INFORMATION PROVIDED

__________

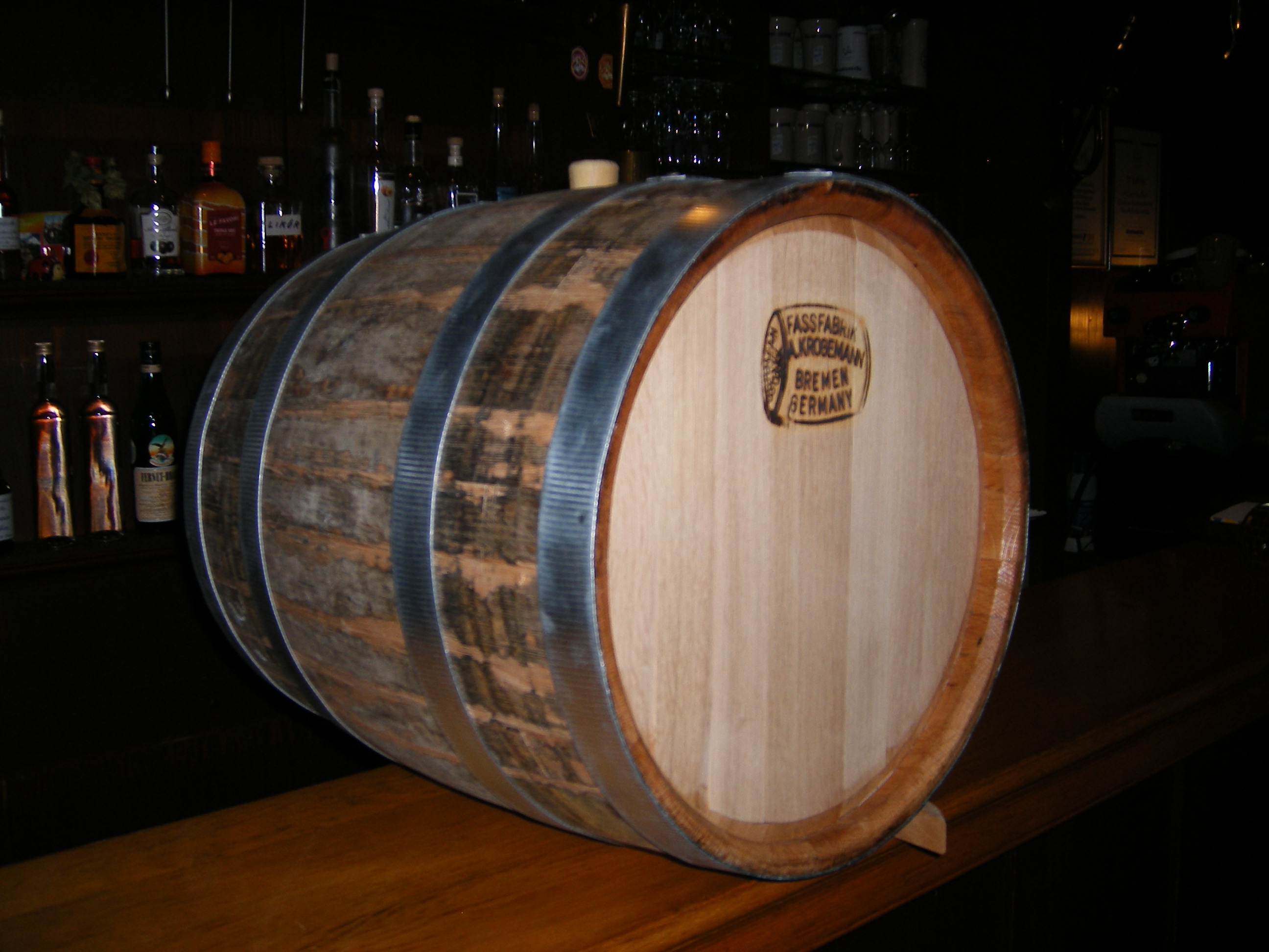 Es stand nun die ganze Zeit unbefüllt, sozusagen als Dekoration, auf meiner Theke. Letzte Woche hatte ich nun endlich die Gelegenheit, 2 Winzer wegen der richtigen Lagerung zu fragen. Ihr Vater war Büttnermeister und sie benutzen sowohl in ihrer Brennerei wie auch auf ihrem Weingut schon immer Holzfässer. Das größte hat 35hl. Als sie erfuhren, daß mein Fass über ein halbes Jahr nicht befüllt war, haben sie sorgenvoll geschaut. "Oh je, hoffentlich wird das wieder dicht und ist innen nicht verschimmelt!". Sie haben mir zu folgendem Vorgehen geraten:
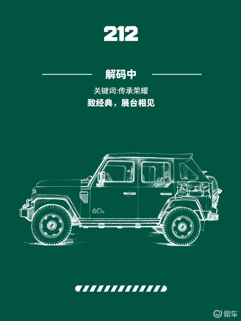 车讯 日前,212公布了广州车展新车预告,皮卡、60周年软顶版和一款特别版车型即将发布。
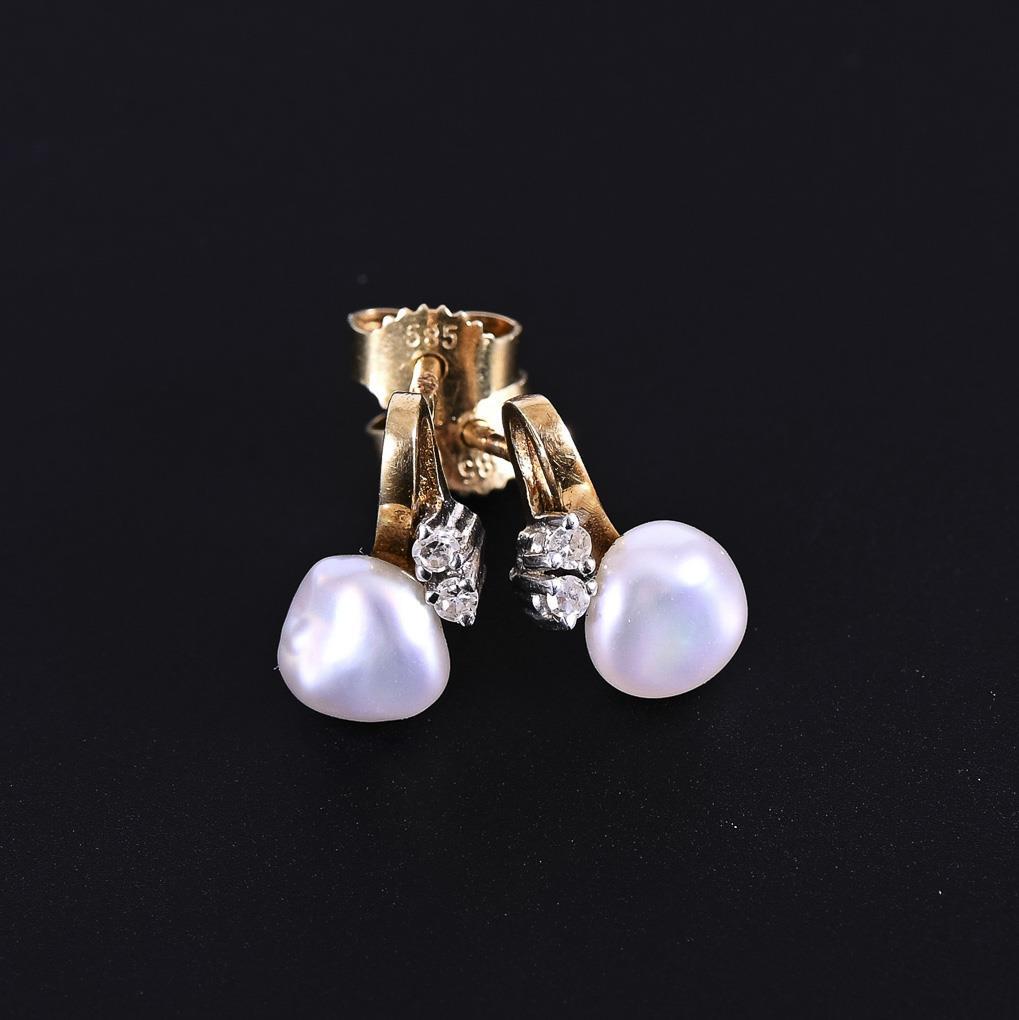 Ohrsteckerpaar mit Zuchperlen und Diamanten.
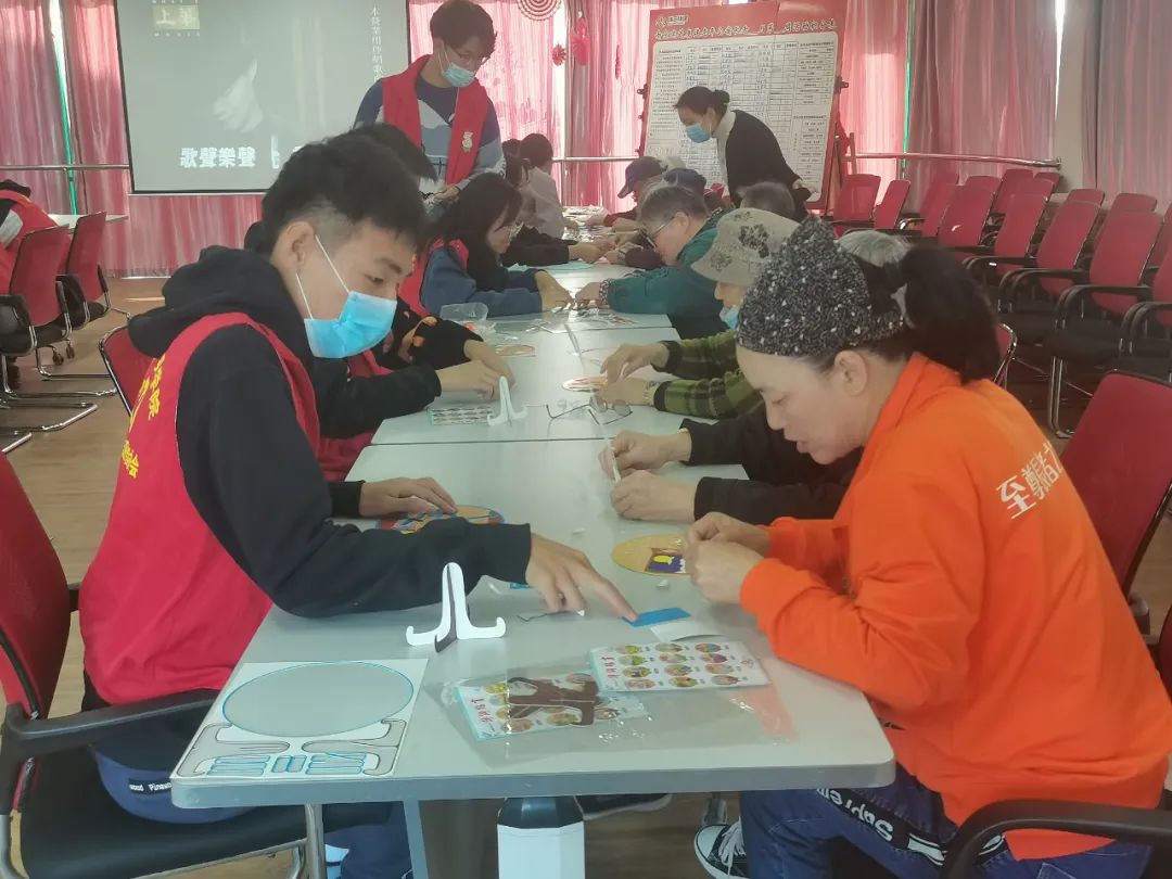 为了更好的服务敬老院的老人,志愿者们带来了各种各样的手工材料。在把桌椅和手工材料准备完毕后,伴随着欢快的音乐,志愿者们开始和老人们一起创作手工艺作品。面对不熟悉的老人们,志愿者首先引出话题,在倾心的交谈中慢慢与老人熟络起来。他们用耐心和热情感染着老人们,让老人们的脸上长伴笑容。虽然老人们的白发和皮肤上布满了岁月的痕迹,但她们的双手依旧灵巧。在与志愿者们闲话家常的同时,她们的双手也配合着志愿者的动作,将看似杂乱无章的纸片幻化成一件件美观的手工艺作品。在与老人们制作手工的过程中,志愿者们也准备了小节目,精彩的表演让老人们拍案叫绝,现场一度充满着欢声笑语。
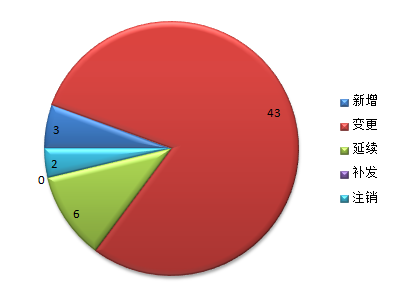 AG百家乐娱乐生产许可证本期新增3件,变更43件,延续6件,补发0件,注销2件,期末实有237件。 图5-2-12018年上半年全省AG百家乐娱乐生产企业许可证情况
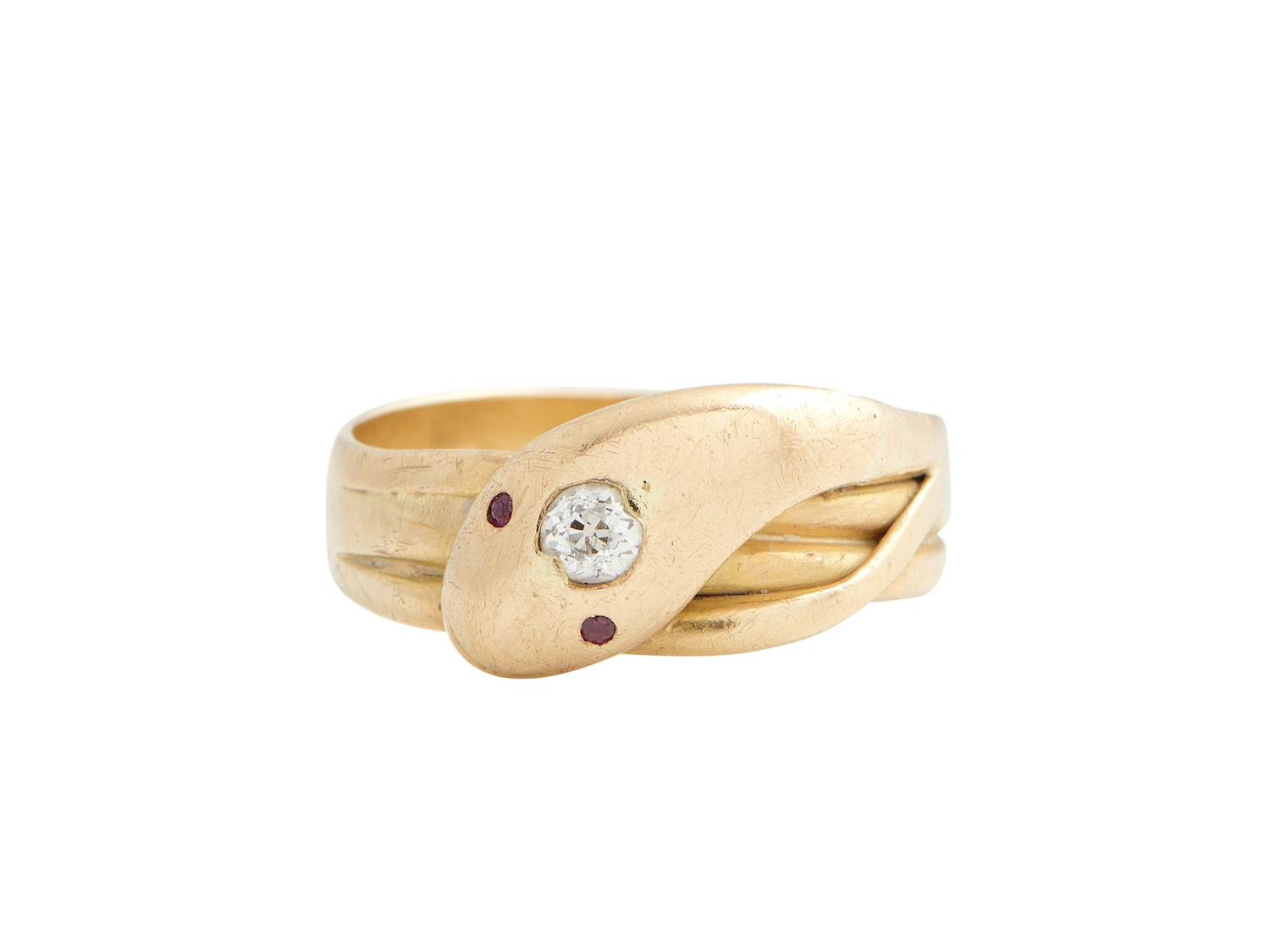 Modelled as a coiled snake, the head collet-set with an old European-cut diamond, the eyes set with rubies, mounted in 18ct gold, size O, gross weight approximately 5 grams.

__________

WORK INSTRUCTIONS
Omit every picture, then write out the entries above exactly.

WORKED SOLUTION
 Es stand nun die ganze Zeit unbefüllt, sozusagen als Dekoration, auf meiner Theke. Letzte Woche hatte ich nun endlich die Gelegenheit, 2 Winzer wegen der richtigen Lagerung zu fragen. Ihr Vater war Büttnermeister und sie benutzen sowohl in ihrer Brennerei wie auch auf ihrem Weingut schon immer Holzfässer. Das größte hat 35hl. Als sie erfuhren, daß mein Fass über ein halbes Jahr nicht befüllt war, haben sie sorgenvoll geschaut. "Oh je, hoffentlich wird das wieder dicht und ist innen nicht verschimmelt!". Sie haben mir zu folgendem Vorgehen geraten:
 车讯 日前,212公布了广州车展新车预告,皮卡、60周年软顶版和一款特别版车型即将发布。
 Ohrsteckerpaar mit Zuchperlen und Diamanten.
 为了更好的服务敬老院的老人,志愿者们带来了各种各样的手工材料。在把桌椅和手工材料准备完毕后,伴随着欢快的音乐,志愿者们开始和老人们一起创作手工艺作品。面对不熟悉的老人们,志愿者首先引出话题,在倾心的交谈中慢慢与老人熟络起来。他们用耐心和热情感染着老人们,让老人们的脸上长伴笑容。虽然老人们的白发和皮肤上布满了岁月的痕迹,但她们的双手依旧灵巧。在与志愿者们闲话家常的同时,她们的双手也配合着志愿者的动作,将看似杂乱无章的纸片幻化成一件件美观的手工艺作品。在与老人们制作手工的过程中,志愿者们也准备了小节目,精彩的表演让老人们拍案叫绝,现场一度充满着欢声笑语。
 AG百家乐娱乐生产许可证本期新增3件,变更43件,延续6件,补发0件,注销2件,期末实有237件。 图5-2-12018年上半年全省AG百家乐娱乐生产企业许可证情况
 Modelled as a coiled snake, the head collet-set with an old European-cut diamond, the eyes set with rubies, mounted in 18ct gold, size O, gross weight approximately 5 grams.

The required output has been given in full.